IDSL_MINT: a deep learning framework to predict molecular fingerprints from mass spectra

Sadjad Fakouri Baygi,Dinesh Kumar Barupal
DOI: https://doi.org/10.1186/s13321-024-00804-5
2024-01-21
Journal of Cheminformatics
Abstract:The majority of tandem mass spectrometry (MS/MS) spectra in untargeted metabolomics and exposomics studies lack any annotation. Our deep learning framework, Integrated Data Science Laboratory for Metabolomics and Exposomics— M ass INT erpreter (IDSL_MINT) can translate MS/MS spectra into molecular fingerprint descriptors. IDSL_MINT allows users to leverage the power of the transformer model for mass spectrometry data, similar to the large language models. Models are trained on user-provided reference MS/MS libraries via any customizable molecular fingerprint descriptors. IDSL_MINT was benchmarked using the LipidMaps database and improved the annotation rate of a test study for MS/MS spectra that were not originally annotated using existing mass spectral libraries. IDSL_MINT may improve the overall annotation rates in untargeted metabolomics and exposomics studies. The IDSL_MINT framework and tutorials are available in the GitHub repository at https://github.com/idslme/IDSL_MINT.
chemistry, multidisciplinary,computer science, interdisciplinary applications, information systems
What problem does this paper attempt to address?

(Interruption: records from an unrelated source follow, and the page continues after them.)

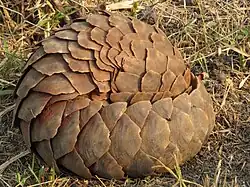 The physical appearance of a pangolin is marked by large, hardened, overlapping, plate-like scales, which are soft on newborn pangolins, but harden as the animal matures.[27] They are made of keratin, the same material from which human fingernails and tetrapod claws are made, and are structurally and compositionally very different from the scales of reptiles.[28] The pangolin's scaled body is comparable in appearance to a pine cone. It can curl up into a ball when threatened, with its overlapping scales acting as armor, while it protects its face by tucking it under its tail. The scales are sharp, providing extra defense from predators.[29] Despite their appearance, they are not closely related to armadillos, having both evolved scales by convergent evolution.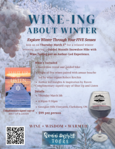 Join us Thursday March 5th for a relaxed winter evening, pairing a Guided Moonlit Snowshoe Hike with Wine Tasting and an Author-Led Experience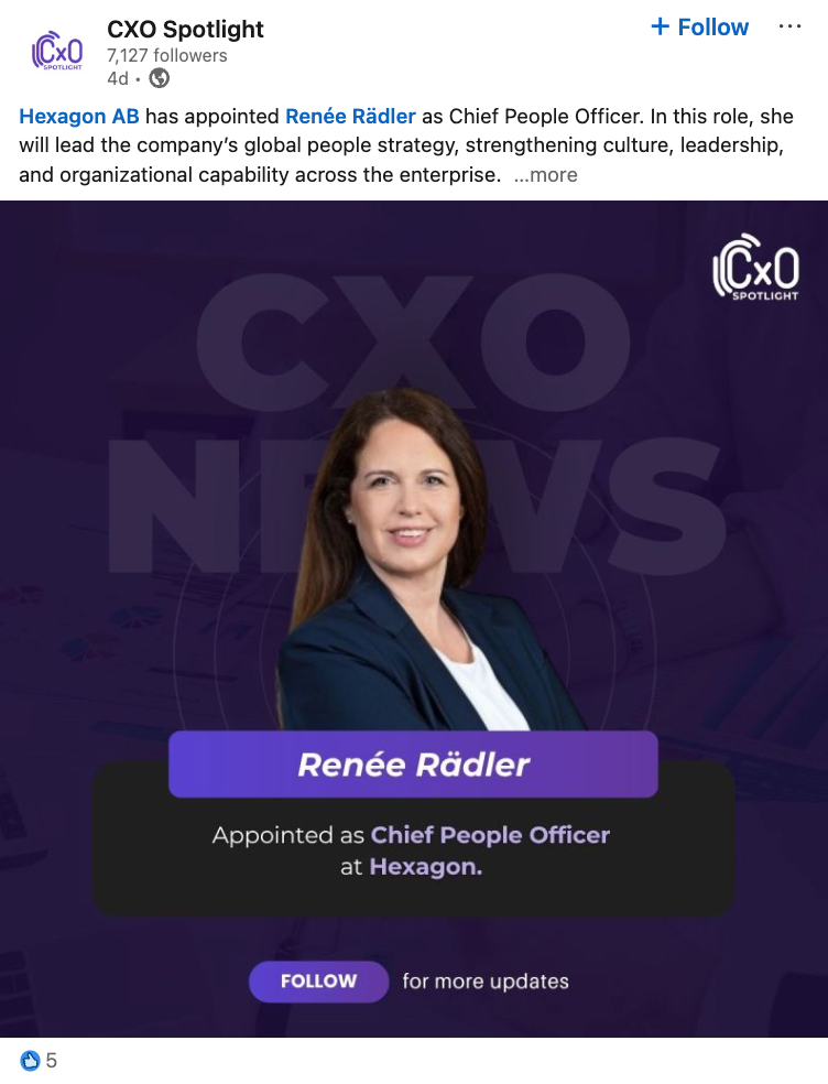 Hexagon AB has appointed Renée Rädler as Chief People Officer. In this role, she will lead the company’s global people strategy, strengthening culture, leadership, and organizational capability across the enterprise. The role is newly created, and Rädler joined Hexagon’s Executive Management Team effective 1 April 2026.
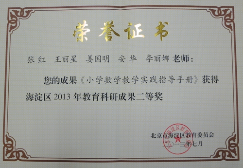 我校数学团队的科研成果《小学数学教学实践指导手册》被评为海淀区2013年教育科研优秀成果。
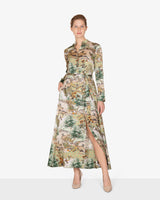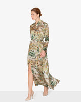 Kleid mit Knopfleiste & Motivprint aus Seide
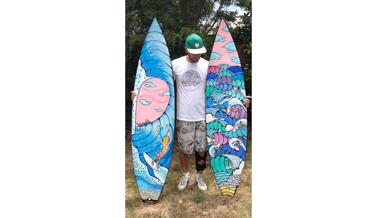 My art been describes as “capturing the emotion and memories of moments in surfing” and I try to create the feeling I get from surfing in my artworks using vibrant colors and stylized characters.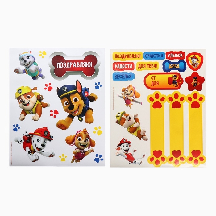 Набор крафтовых пакетов со стикерами, Щенячий патруль, 18х22х12 см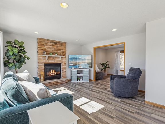 Welcome to this stunning 4 bed, 4 bath home in Elk River nestled at the end of a quiet cul-de-sac! As you enter the home you are greeted with high ceilings, neutral finishes, and upgraded luxury vinyl tile. The main level features a sun filled living room with a cozy gas fireplace that seamlessly opens to the informal dining room and kitchen which offers ample cabinet space, stainless appliances, granite countertops, center island and updated lighting. The main level also features a front sitting area and a formal dining room. Plus, there's a convenient half bath—perfect for guests! Enjoy 3 beds on one level, with a spacious primary bedroom complete with a walk-in closet, and a private bath with corner tub and walk-in shower. Need more room? The bonus room above the garage provides flexibility for an additional bedroom, another living area, or home office! The finished basement includes a bedroom, bathroom and kitchenette/bar, ideal for entertaining! Outside, the large front yard with mature trees and a charming front porch creates stunning curb appeal, while the backyard offers a low maintenance composite deck, a hot tub, plus a separate fenced in area - great for pets! You’ll love the storage space in the 3 stall garage, plus bonus storage space in the 10x12 two story shed! This home is adjacent to an open prairie to the west, offering privacy and beautiful views. This custom home neighborhood is just minutes from main street, a golf course, and local eateries, with schools and easy access to highways. Recent updates include a new AC, furnace, and humidifier, luxury vinyl tile on the main level, and fresh paint and carpet! Don’t miss your chance to own this exquisite home!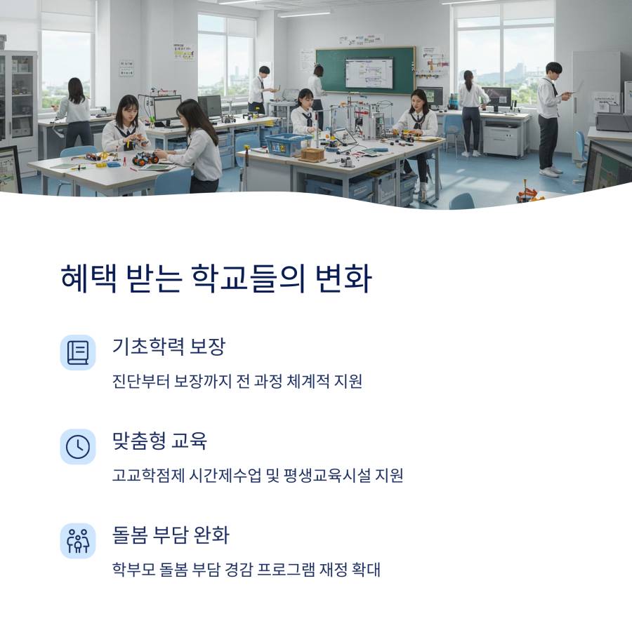 가장 주목할 점은 이번 지원이 단순한 시설 개선을 넘어 학생 중심의 교육환경 혁신을 목표로 한다는 거예요. 미래 교육을 위한 스마트 교실, 창의 공간 등이 많이 만들어질 예정이에요.

This paper aims to address the issue of the lack of annotation for the large amount of mass spectrometry data (MS/MS spectra) generated in untargeted analysis in metabolomics and exposomics studies. Specifically, the paper introduces a deep learning framework called IDSL_MINT, which can transform MS/MS spectra into molecular fingerprint descriptors to aid in compound annotation. IDSL_MINT leverages a transformer model, similar to large language models, and is trained using a reference MS/MS library provided by the user and custom molecular fingerprint descriptors. Through benchmarking on the LipidMaps database, IDSL_MINT has improved the overall annotation rate of MS/MS spectra that are not annotated by existing mass spectrometry libraries. Therefore, IDSL_MINT is expected to enhance annotation efficiency in metabolomics and exposomics research.